Outro detalhe que reforça a busca por unidades que se encaixem no poder de compra dos interessados é o crescimento percentual da participação dos imóveis econômicos na comercialização. Chegou a 61% em fevereiro, o que supera a porcentagem média, que fica em torno dos 50%. 


venda de imoveis novos em fevereiro


Lançamento de unidades residenciais

A pesquisa registrou o lançamento de 1.680 imóveis em São Paulo durante o mês de fevereiro de 2021, o que é um resultado 6,4% abaixo do de janeiro, e 23,1% menor que o de fevereiro do ano passado. 

Para o acumulado de 12 meses, de março de 2020 a fevereiro de 2021, os lançamentos ficaram 8,1% abaixo do período anterior.
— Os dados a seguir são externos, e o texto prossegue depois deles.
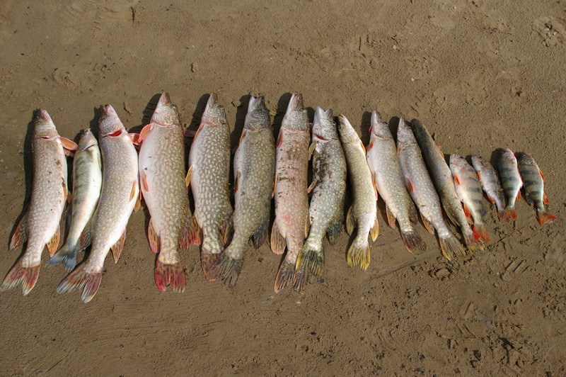 В последующие 2 дня дул ветер не самый слабый, а за ним на 2 дня пришел дождь. Клев был слабый, но на уху и жареху наловливали все равно. Так что без рыбы не сидели и по вечерам поплевывались рыбьими костями. После дождя выглянуло солнце, ветер стих и щука начала хорошо брать, но буквально 2 дня. Вышел даже жерех, но котлов на нашей акватории было всего 2, и те были очень не устойчивые. Поймали всего пару штук до килограмма. Так прошла первая неделя.

Com isso, o número de imóveis ofertados teve uma redução de 6,6% na comparação com janeiro deste ano, e 22,1% acima de fevereiro de 2020. Esta oferta é composta por imóveis na planta, em construção e prontos, lançados nos últimos 36 meses (março de 2018 a fevereiro de 2021).

Para o Secovi, essa redução é considerada normal no início do ano, considerando o empenho maior de vendas de lançamentos ocorridos nos meses finais do ano anterior. 

“Os resultados de fevereiro foram bons porque os estandes estavam abertos, e os atendimentos ocorreram com total segurança, em cumprimento de todos os protocolos sanitários. Contudo, com Estado de São Paulo regredindo, primeiro para a fase vermelha do Plano SP e na sequência para a fase emergencial, ainda mais restritiva que a anterior, acreditamos que os resultados de março serão bastante afetados”, disse Emilio Kallas, vice-presidente de Incorporação e Terrenos Urbanos do Secovi-SP.

A instituição apontou no relatório que, mesmo com os canteiros de obras abertos, as vendas continuam encontrando dificuldades. De acordo com o Secovi, há uma preocupação crescente do setor com a contínua elevação dos preços de insumos da construção. O impacto maior deve ser percebido na produção de imóveis econômicos, que é a categoria mais comercializada atualmente. 

“O Secovi-SP tem apoiado as entidades parceiras nos pleitos junto ao Ministério da Economia, a fim de desonerar os tributos federais sobre o cimento e aço”, afirmou Basilio Jafet, presidente do Secovi-SP. Ele também destacou sua decepção com o ritmo da vacinação: “É difícil compreender porque só agora, com mais de um ano de atraso, foi instituído um gabinete multidisciplinar para gerenciar a crise, coisa que esperávamos ver constituído em março de 2020”.